From some info i've read, it suggests that within the first few hours of sleep, that's when the body releases the most testosterone and growth hormone. But it doesn't say anything about after the first few hours.

Thanks,
 
i would assume that levels of testosterone & Growth Hormone would slow down after peaking within the first few hours of sleep. With little (actually no) suggestive infomation, this is purely assumption based on what i've read & what makes sense. The levels of T & GH would not worth doing 2 lots of 4 hour sleep sessions. Don't forget, if you don't get enough sleep, you may secrete Cortisol
 
There are two main types of sleep. REM (Rapid Eye Movement) sleep is when you do most active dreaming & Non-REM (NREM) sleep which consists of four stages of deeper and deeper sleep. Each sleep stage is important for overall quality sleep, but deep sleep and REM sleep are especially vital.
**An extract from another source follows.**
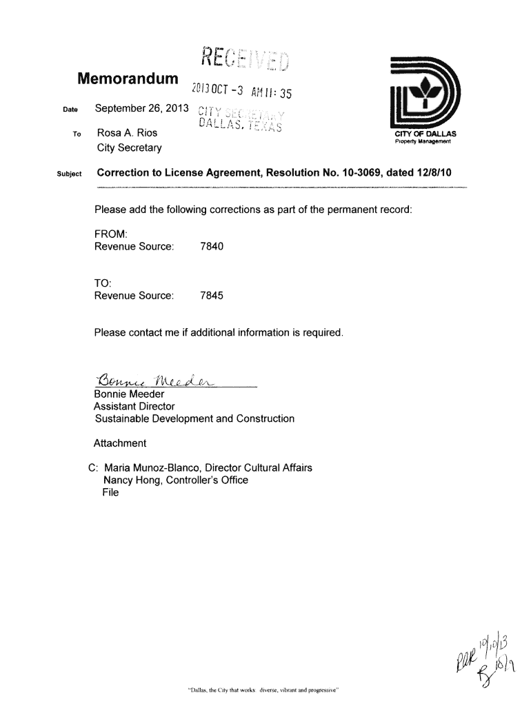 Memorandum Date 20130CT 3 AM /I: 3S September 26, 2013 ....... t I VU, O/ I:., / :: '. Vs 'i To Subject Rosa A. Rios City Secretary :, : I, ('. H, ) CITY OF DALLAS Property Comanagement Correction

A typical night of sleep follows this pattern:

Stage 1 (Drowsiness) - Stage 1 lasts just five or ten minutes. Eyes move slowly under the eyelids, muscle activity slows down, and you are easily awakened.
Stage 2 (Light Sleep) - Eye movements stop, heart rate slows, and body temperature decreases.
Stages 3 & 4 (Deep Sleep) - You’re difficult to awaken, and if you are awakened, you do not adjust immediately and often feel groggy and disoriented for several minutes. Deep sleep allows the brain to go on a little vacation needed to restore the energy we expend during our waking hours. Blood flow decreases to the brain in this stage, and redirects itself towards the muscles, restoring physical energy. Research also shows that immune functions increase during deep sleep.
REM sleep (Dream Sleep) – At about 70 to 90 minutes into your sleep cycle, you enter REM sleep. You usually have three to five REM episodes per night. This stage is associated with processing emotions, retaining memories and relieving stress. Breathing is rapid, irregular and shallow, the heart rate increases, blood pressure rises, males may have penile erections, and females may have clitoral enlargement.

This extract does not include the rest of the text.